* Input material *
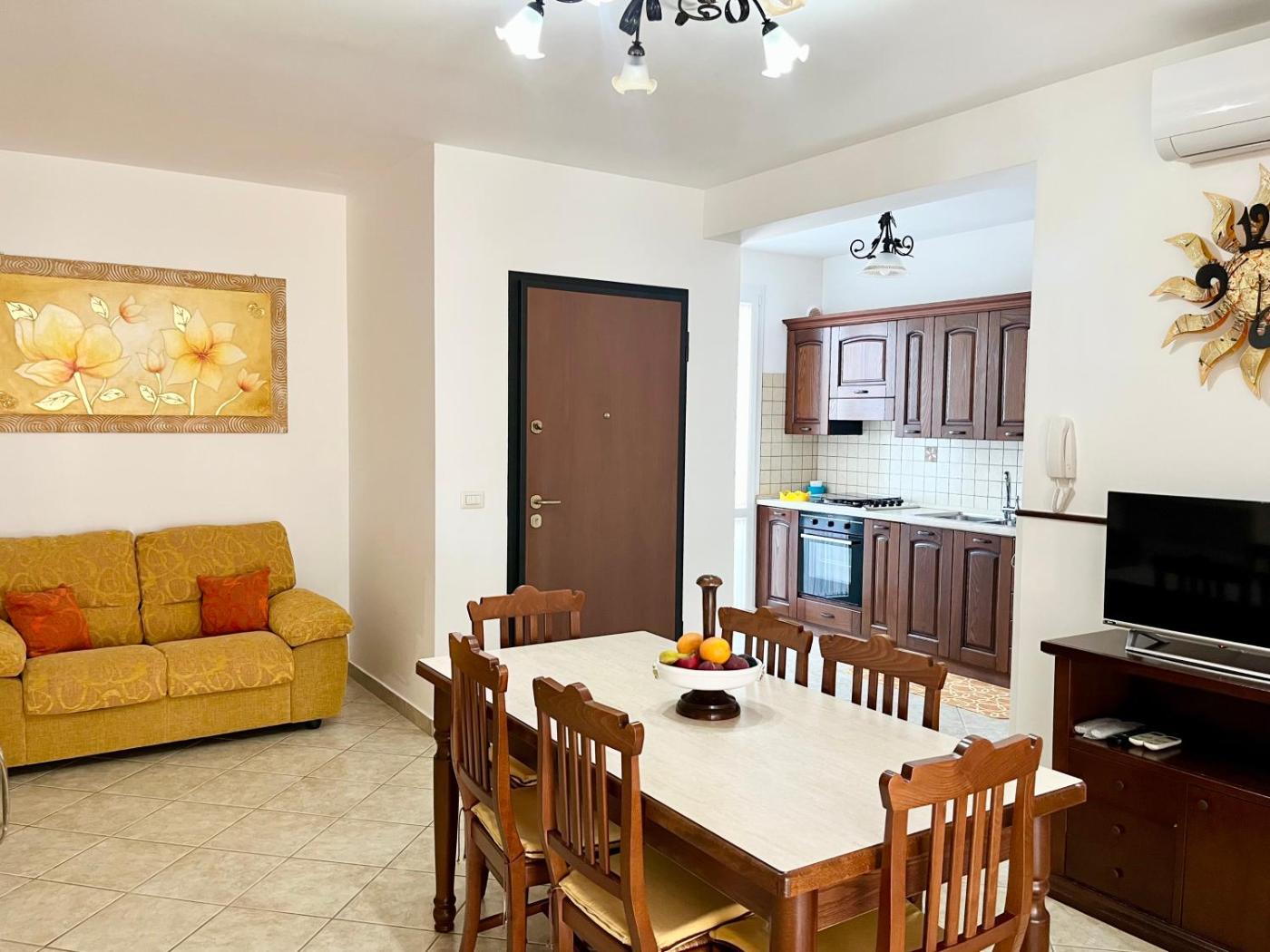 Questa casa vacanze con aria condizionata comprende 3 camere da letto, un soggiorno, una cucina con utensili più frigorifero, e 2 bagni con bidet edi cortesia. Presso questa casa vacanze troverete asciugamani e lenzuola in dotazione.
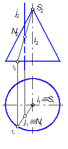 2. Пересекаются проецирующая прямая i с поверхностью конуса F.
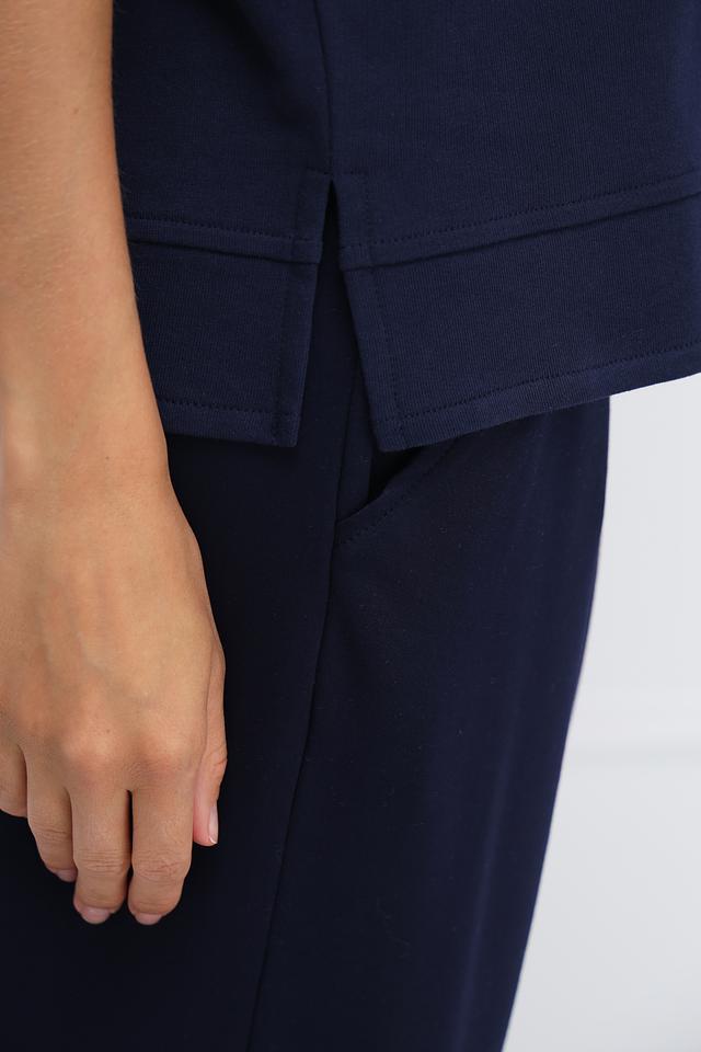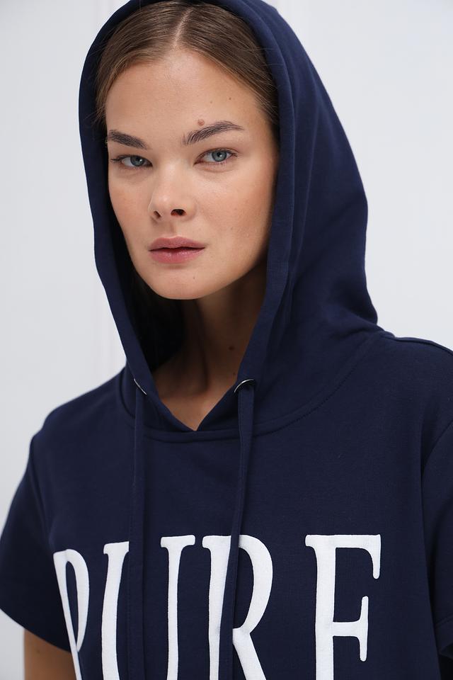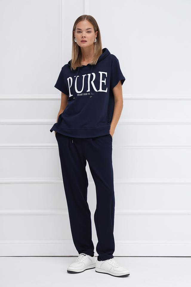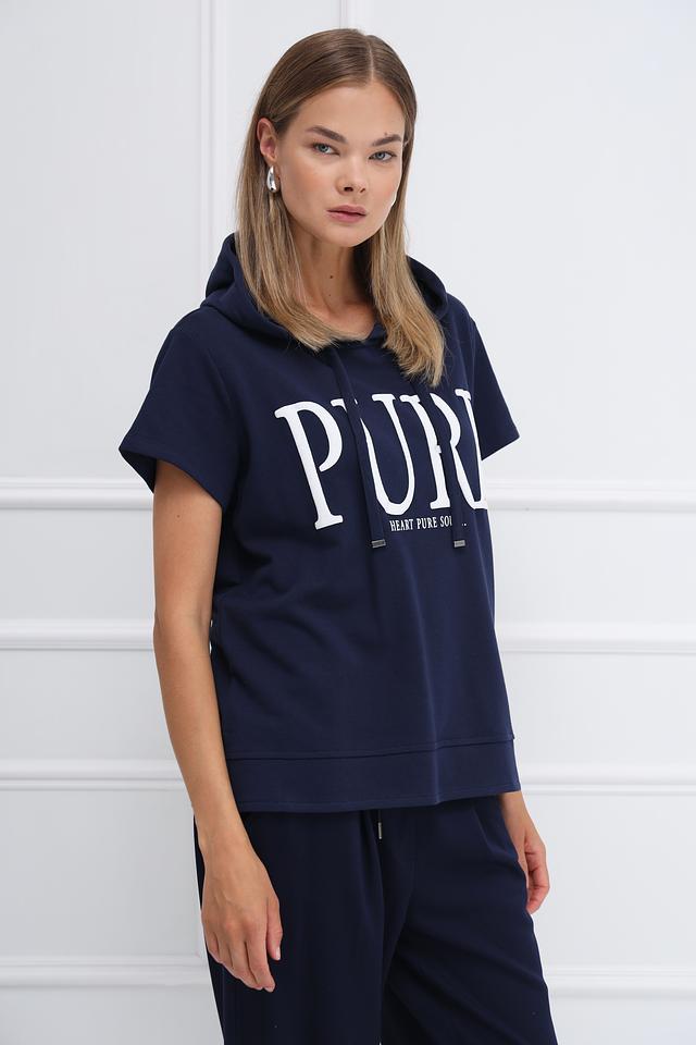 Синий пуловер Monari с коротким рукавом и капюшоном украшен белой надписью "PURE". Модель выполнена из мягкого хлопка и идеально подходит для создания комфортных и стильных образов. Состав: хлопок 100%
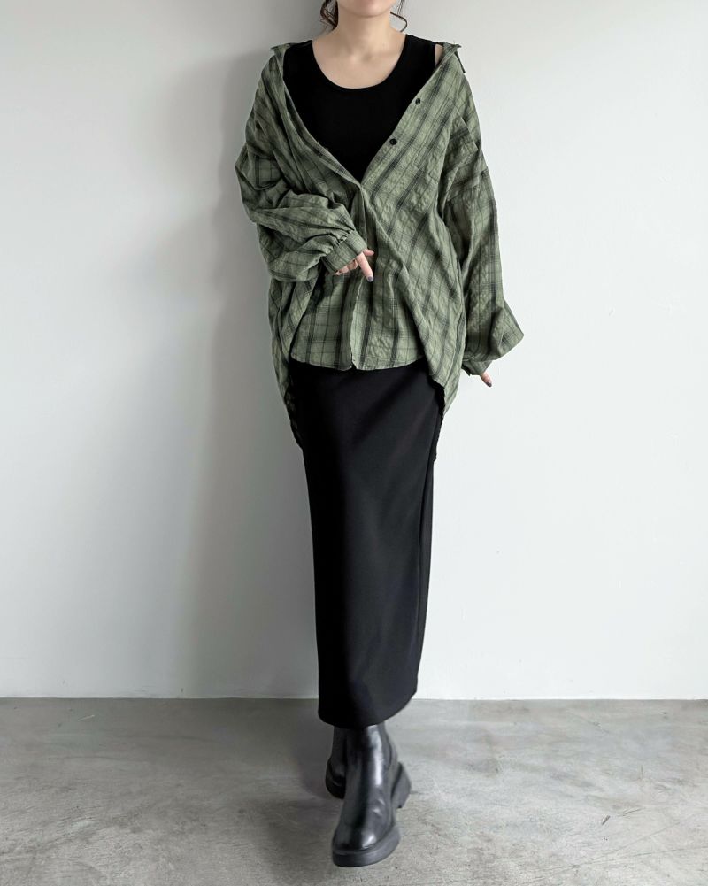 ぽっちゃり体型の私にはかなりパツパツですが、着れないことはないので、沢山着ています!インスタライブでお話していたように、伸びますが元に戻ろうとする力が強い、まさにそんな感です。
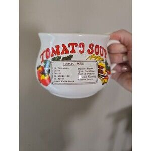 TOMATO SOUP Recipe Bowl Mug Handle Cup Ceramic No Brand 1 Side Print Vintage
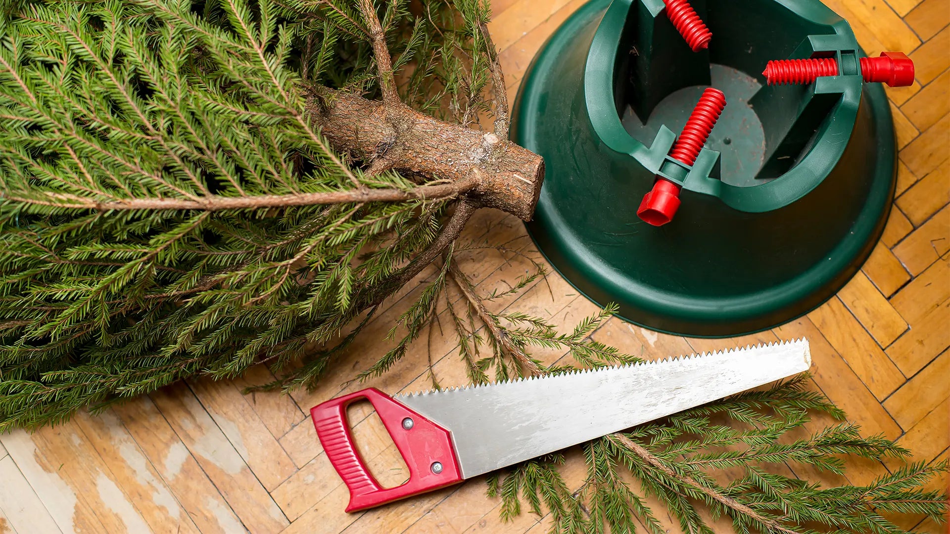 Use a sturdy stand that holds at least 1 liter of water to keep your tree well-hydrated.
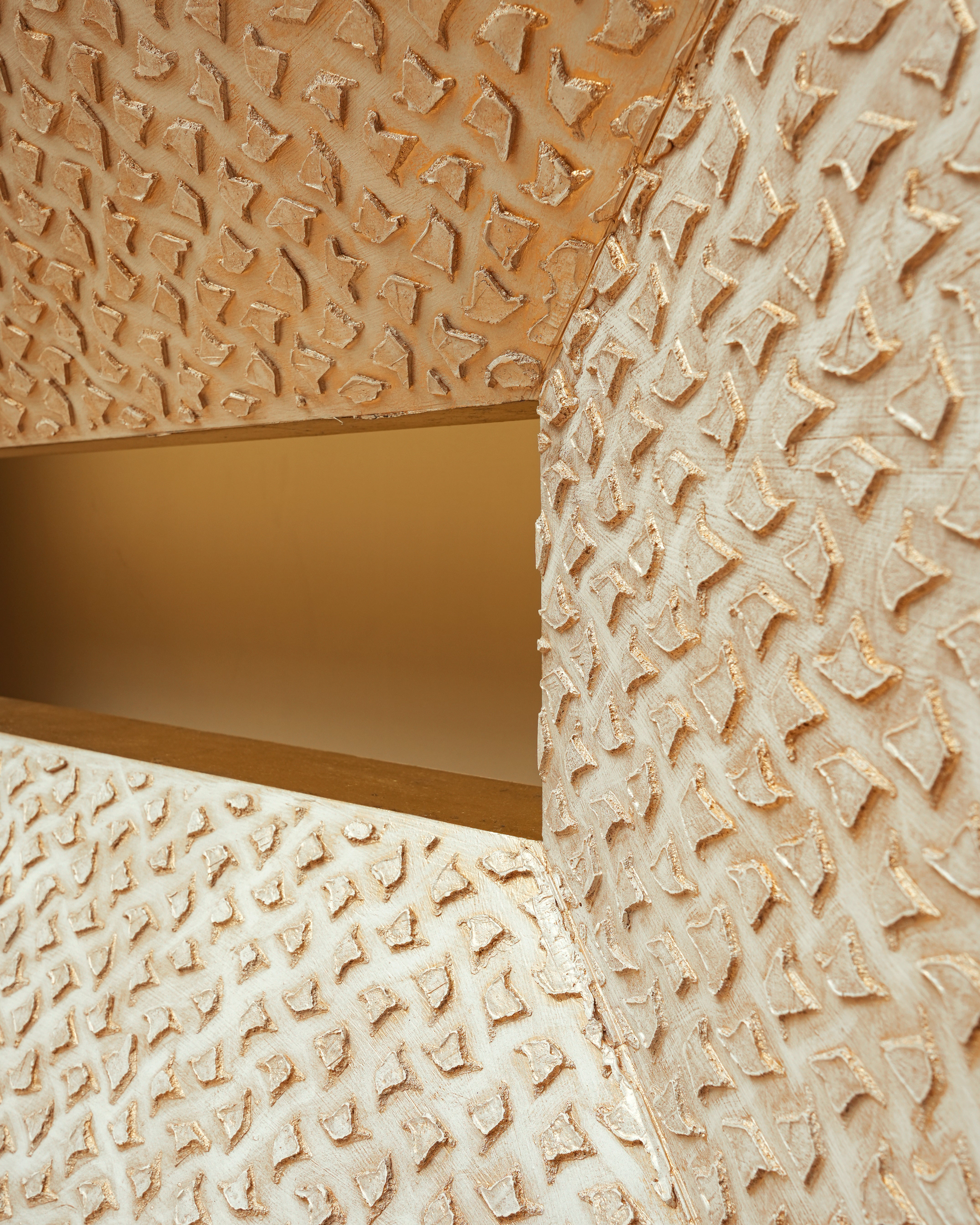 A close-up of the console highlights its rich texture and finely crafted surface details.
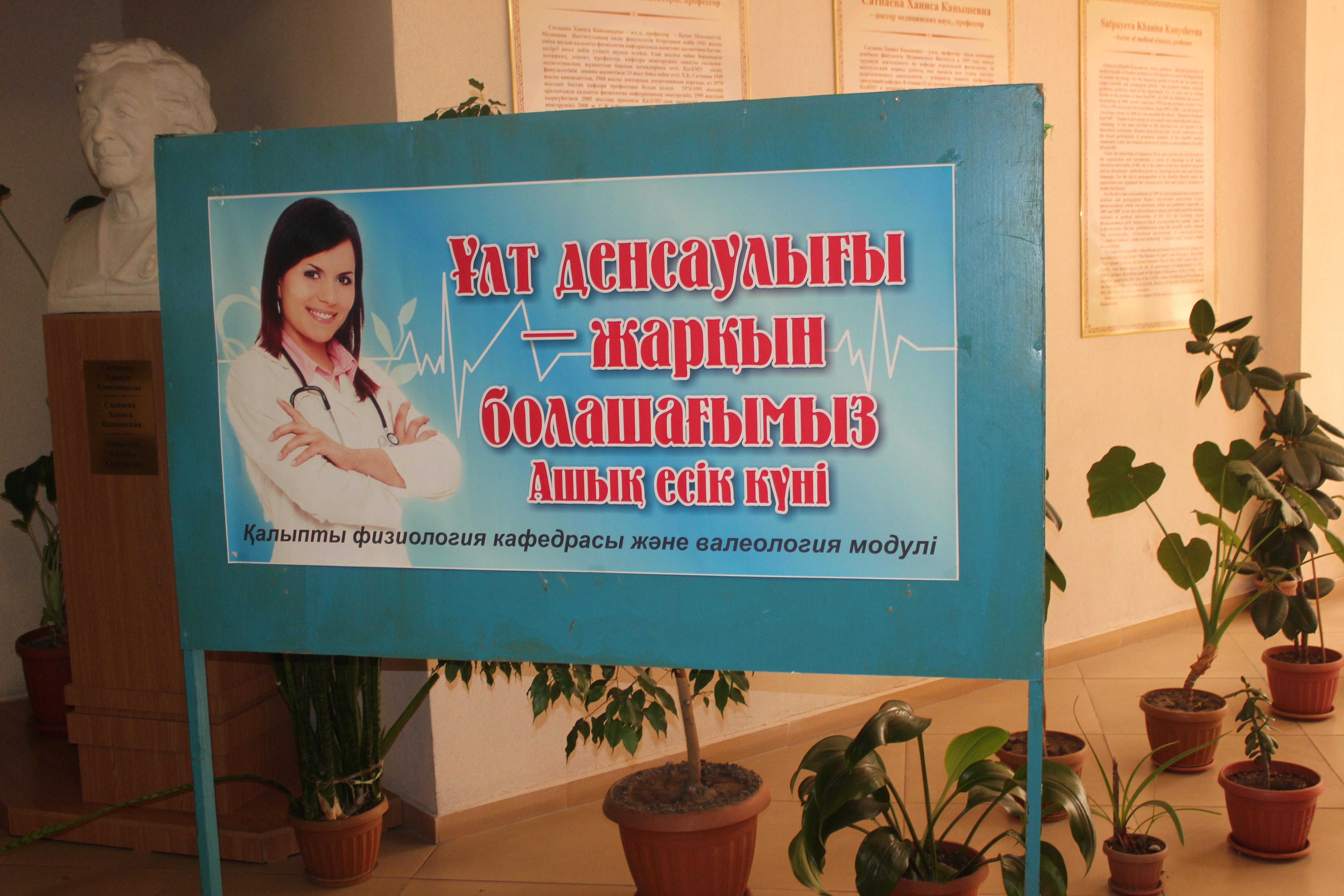 07.04.2014г. во «Всемирный день здоровья» кафедра нормальной физиологии и модуль валеологии провели день открытых дверей под лозунгом «Здоровье нации – это основа нашего успешного будущего». Всем желающим было предложено определить функциональные состояние организма и биологический возраст. В акции приняли участие более четырехсот человек, в том числе студенты, сотрудники университета, представители деканата факультета «Общая медицина», управление по социально – воспитательной работе.

* Task details *
From the first line above to the line containing "TOMATO SOUP Recipe", repeat each line exactly. Pictures stay out.

* Task solution *
 Questa casa vacanze con aria condizionata comprende 3 camere da letto, un soggiorno, una cucina con utensili più frigorifero, e 2 bagni con bidet edi cortesia. Presso questa casa vacanze troverete asciugamani e lenzuola in dotazione.
 2. Пересекаются проецирующая прямая i с поверхностью конуса F.
 Синий пуловер Monari с коротким рукавом и капюшоном украшен белой надписью "PURE". Модель выполнена из мягкого хлопка и идеально подходит для создания комфортных и стильных образов. Состав: хлопок 100%
 ぽっちゃり体型の私にはかなりパツパツですが、着れないことはないので、沢山着ています!インスタライブでお話していたように、伸びますが元に戻ろうとする力が強い、まさにそんな感です。
 TOMATO SOUP Recipe Bowl Mug Handle Cup Ceramic No Brand 1 Side Print Vintage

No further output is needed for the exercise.